La cuestión es si alguien en el poder escuchará. El Presidente de Francia, Emmanuel Macron, cuyo gobierno ha virado hacia la derecha en cuestiones migratorias y de seguridad, se unirá a Francisco el sábado y está previsto que asista a su misa multitudinaria en el Velódromo. El mandatario centrista ha adoptado una postura firme en inmigración tras las críticas de los conservadores y de la extrema derecha, y presiona para reforzar las fronteras exteriores de la UE, además de pedir más eficacia a la hora de deportar a quienes se les deniega la entrada al bloque.
Como resultado, el clima político actual de Francia y su tradición de “laicidad” o secularismo sugieren que ni Macron ni otros líderes europeos necesariamente atenderán el llamado de Francisco.
“Creo que, dada nuestra complicada relación con la iglesia y la religión, para ser honesta, no esperamos que esto tenga tanto impacto”, dijo Le Coz.
Jeffery Crisp, investigador del Centro de Estudios sobre Refugiados de la Universidad de Oxford, dijo que Francisco tiene una autoridad moral y la ha estado ejerciendo para hablar sobre el tema de la migración, pidiendo especialmente a los gobiernos que respeten los principios internacionales de derechos humanos.
“¿Eso se traduce en algún tipo de presión política? Simplemente no lo sé”, se preguntó Crisp en una entrevista telefónica. “Pero creo que probablemente se podría argumentar que las cosas sólo podrían haber sido peores sin sus intervenciones”.

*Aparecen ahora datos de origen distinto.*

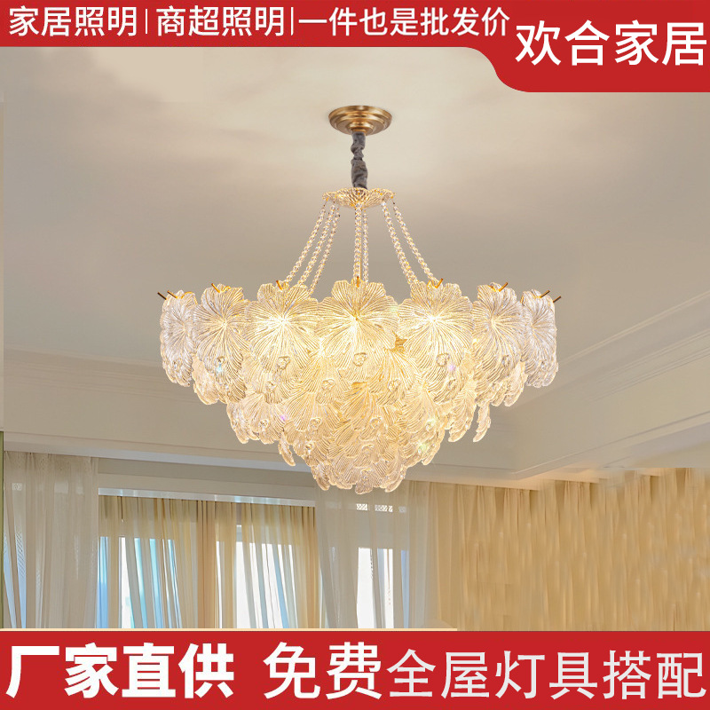 法式吊灯客厅大厅主灯轻奢水晶玻璃餐厅卧室高级感奶油风中山灯具

Los jóvenes que llegaron a Italia en medio de la reciente ola de inmigrantes esperan que alguien los escuche. Hace poco, un grupo de Sudán del Sur hizo escala en Roma en su camino desde Lampedusa a la frontera francesa. Un hombre particularmente alto dijo que quería ir a Francia a jugar baloncesto, otro dijo que quería ir a Gran Bretaña para ser médico. Sus únicas pertenencias eran la ropa que llevaban puesta; los voluntarios les dieron zapatos.
Después de pasar algunas noches durmiendo en el suelo debajo de un ruidoso paso elevado cerca de la principal estación de buses de Roma, una asociación sin fines de lucro les compró boletos de bus baratos hacia el norte. Esa tarde, 16 chicos partieron en un bus con destino a Marsella.
Planeaban bajarse antes de la frontera francesa, donde los controles policiales han aumentado en medio de la nueva afluencia de inmigrantes a Italia, e intentar cruzar a pie. Uno de ellos, un joven de 16 años llamado Dot, llevaba zapatillas Converse amarillas nuevas proporcionadas por voluntarios.
“Caminamos desde Sudán del Sur”, dijo Dot antes de subir al bus. “Podemos caminar hasta Francia”.